Step 5: The Enforceability Test

A policy that can't be enforced is worse than no policy, because it creates a false sense of compliance. After your draft is solid, run it through an enforceability check:

Review this policy for enforceability. For each requirement, identify: 1) Can this be technically enforced or does it rely on user behavior? 2) How would compliance be measured? 3) Is the requirement specific enough to audit? Flag any requirements that are too vague to audit or too impractical to enforce consistently.
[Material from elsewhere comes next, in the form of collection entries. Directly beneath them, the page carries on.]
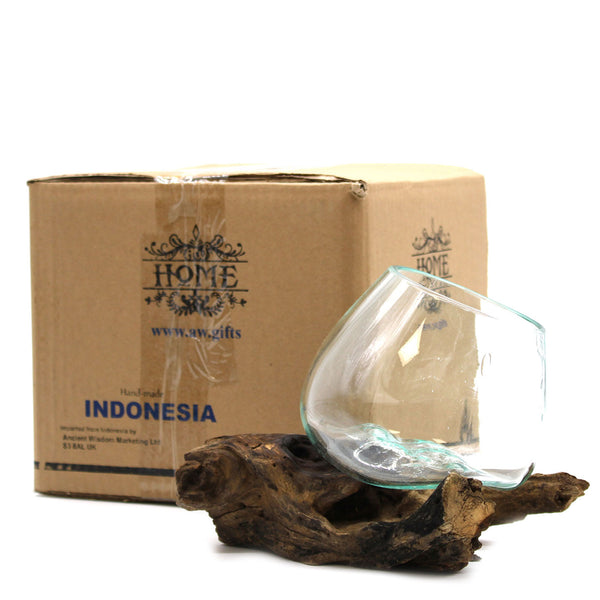 A Nagykereskedelmi Olvasztott Üveg Fa Alátéten-Közepes Tál Baliról került hozzánk. Kézműves munka, újrahasznosított üvegből fújva, a Gamal fa gyökerével kombinálva. A forró üveget a gyökérre helyezik és hagyják ott megdermedni, hogy így bebiztosítsák a tökéletes stabilitást. Ezen termékek mindegyike egyedi.
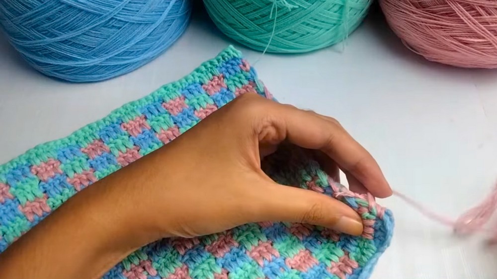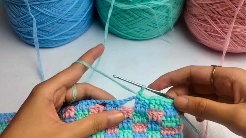 Yarn: Medium Weight (Size 4) Acrylic yarn. The video demonstrates a two-color grid effect (e.g., Black and Green).
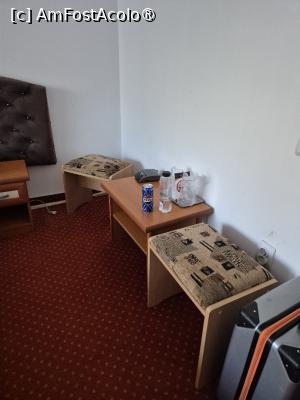 Mai găsim în cameră un birou pe care se află televizorul, un scaun, o măsuță mică și două scăunele.
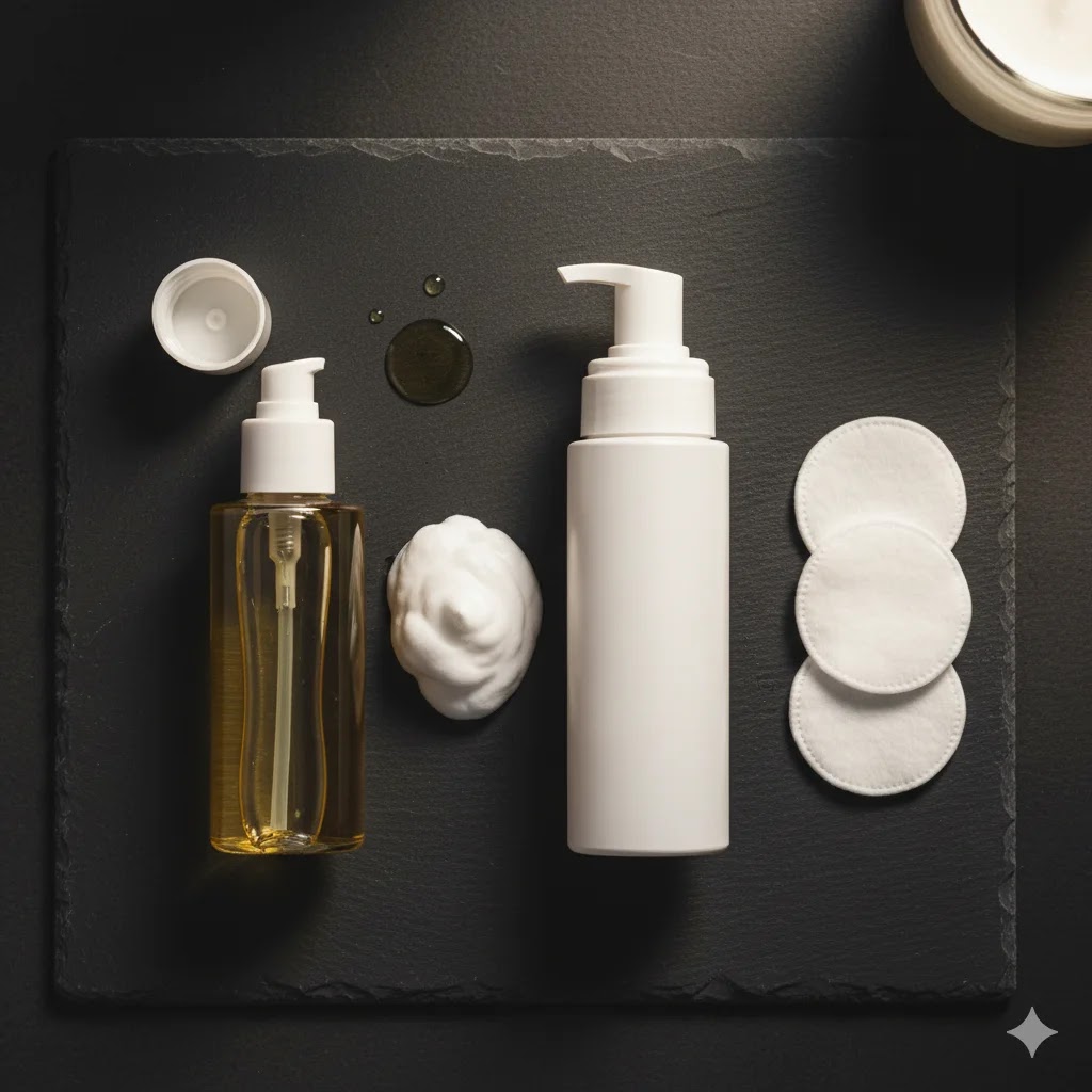 A flat lay of double cleansing products, featuring a cleansing oil and a water-based facial cleanser.

This prompt consistently surfaces problems like "users shall exercise caution when opening email attachments" — technically a policy statement, practically unmeasurable. AI is surprisingly good at identifying these because enforceability is a somewhat mechanical analysis: is there a clear action, a clear measurement, and a clear consequence?

Common Pitfalls

The Plausible Hallucination

AI will generate policy language that sounds authoritative and references real frameworks but connects them incorrectly. It might cite "NIST SP 800-53 AC-7" when it means "AC-2." The control family is right, the specific control is wrong. These errors are hard to catch because they look right at a glance.

The Generic Trap

If you don't provide enough environmental context, AI defaults to generic enterprise language. "The organization shall implement appropriate access controls" means nothing. Push for specificity: which systems, which access controls, which review cycle.

The Compliance Theater Problem

AI is very good at producing policy language that satisfies a checklist without actually improving security. It will write beautiful paragraphs about risk assessment processes that nobody in your organization would ever follow. Your job in the review process is to ask: "Would we actually do this?"

Version Control Chaos

When you're iterating with AI, it's easy to lose track of which version is current. I keep a running document with a change log. Every significant AI revision gets noted with the date and what was changed. When the policy goes to review, the change log goes with it.

The Review Workflow

AI generates the draft. You validate and revise. But the review process should still involve humans who weren't part of the drafting. My workflow:

Draft: AI + me, following the steps above (2-4 hours per policy)
Technical review: A colleague in IT/Security reads for accuracy (1-2 days)
Stakeholder review: Affected business unit leaders read for practicality (1 week)
Legal/compliance review: If the policy has regulatory implications (1-2 weeks)
Final revision: I incorporate feedback, sometimes using AI to reconcile conflicting comments
Approval: Formal sign-off per your governance process

The AI part — the actual drafting — went from two weeks to two hours. The total process still takes 3-4 weeks because of the human review stages. And that's fine. The bottleneck was never the review cycle. It was getting a decent first draft that people could actually react to.

AI doesn't replace your policy team. It makes your policy team faster. That's a meaningful difference, and it's enough.